The biannual literary festival has evolved from a decidedly local group of D.C.-based poet-activists (DC Poets Against the War) who spoke out against the double wars that began in the Bush administration. It has grown into a world-class literary festival that’s considered a leader in the progressive literary movement.
“With activists in the streets all over the world,” says Sarah Browning, director of Split This Rock, “what better time to remember our sister-in-the-struggle, the visionary, revolutionary poet June Jordan, who died too young–10 years ago.”
Imagine Woodstock, only more urbane and diverse, instead of music (though some poets would argue that their verse is in fact musical) there will be poems of provocation and witness being mouthed from one of the most diverse poetry offerings–anywhere. The festival is multicultural, openly political, queer-friendly, and situated in handpicked facilities that are wheelchair accessible.
The featured readers include some of the most distinguished poets of our time–Alice Walker, Sonia Sanchez and Naomi Shihab Nye, to name a few.
“I met June Jordan maybe 2-3 years before she died,” says Marilyn Nelson, former poet laureate of Connecticut, who’s among the featured poets. “Many poets find themselves called to speak up about contemporary issues, and there’s a tradition of poetry taking a stand on important issues. Many world poets in the 20th century have been people who had been committed to social change and a lot of them were imprisoned or otherwise punished for their activism.”

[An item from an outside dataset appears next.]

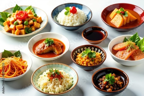 Various Japanese dishes arranged on white background, presentation, texture
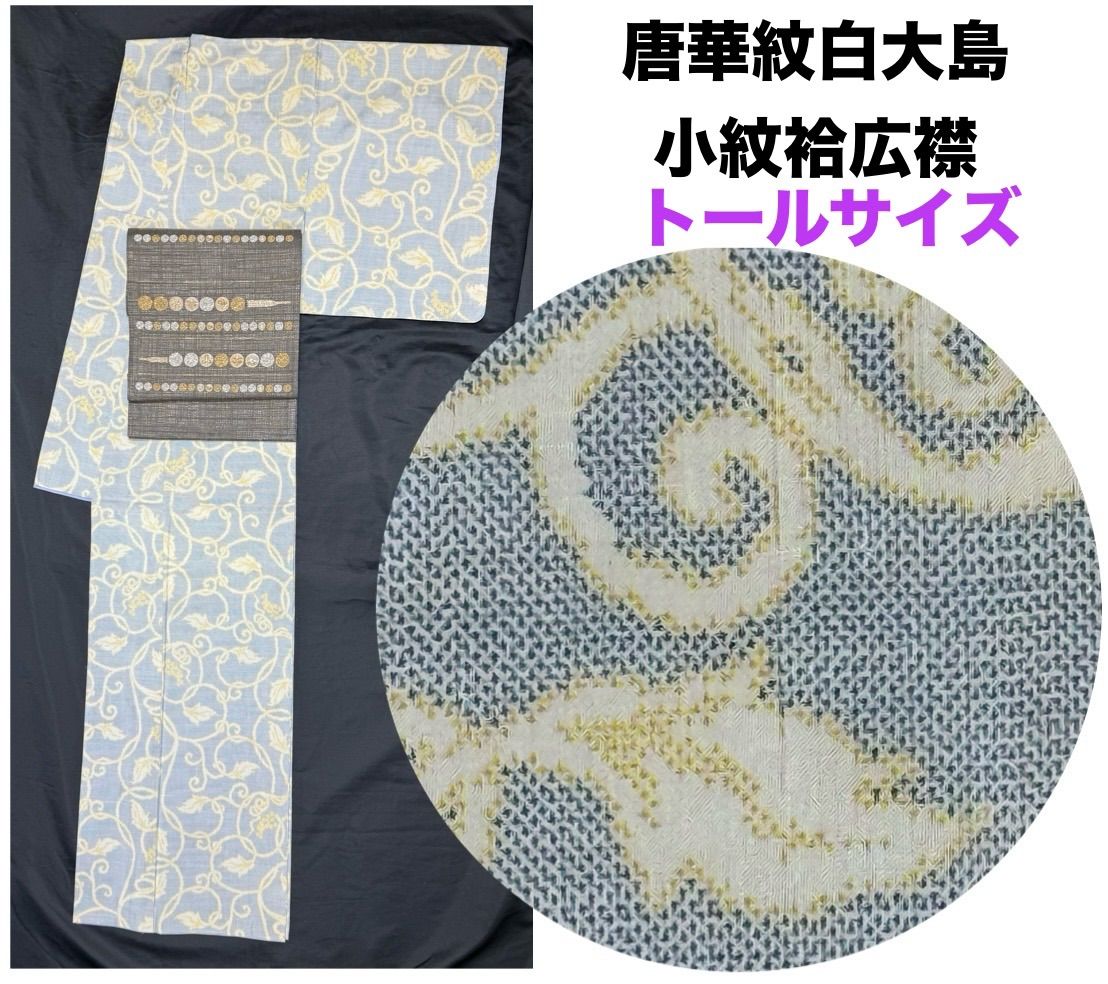 k 31 唐華紋白大島 豪華絢爛トールサイズ身丈166 cm正絹小紋袷広襟

The festival borrows its namesake from one of Langston Hughes’ poems that evokes the spirit of social action and community, “Don’t you hear this hammer ring?/ I’m gonna split this rock/ And split it wide!/ When I split this rock/ Stand by my side.”
The programming includes dozens of workshops, panels, and numerous readings spread out over four days ranging from program events on poetry as activism to the future of the progressive movement to youth teen slam writing workshop. Numerous events will engage June Jordan’s life and work. Though there will be several readings sprinkled throughout the day, the evening readings are where you can catch the headliners.
Those who plan to make the trek to Washington for the festival are cautioned to bring comfortable shoes, as attendees will bring the noise and unrest to the stairs of the Supreme Court by waving placards that read “I am the 99 percent”–a gesture evoking solidarity with the international occupy movement.
June Jordan’s words sum up the work of this progressive literary organization, “To tell the truth is to become beautiful.”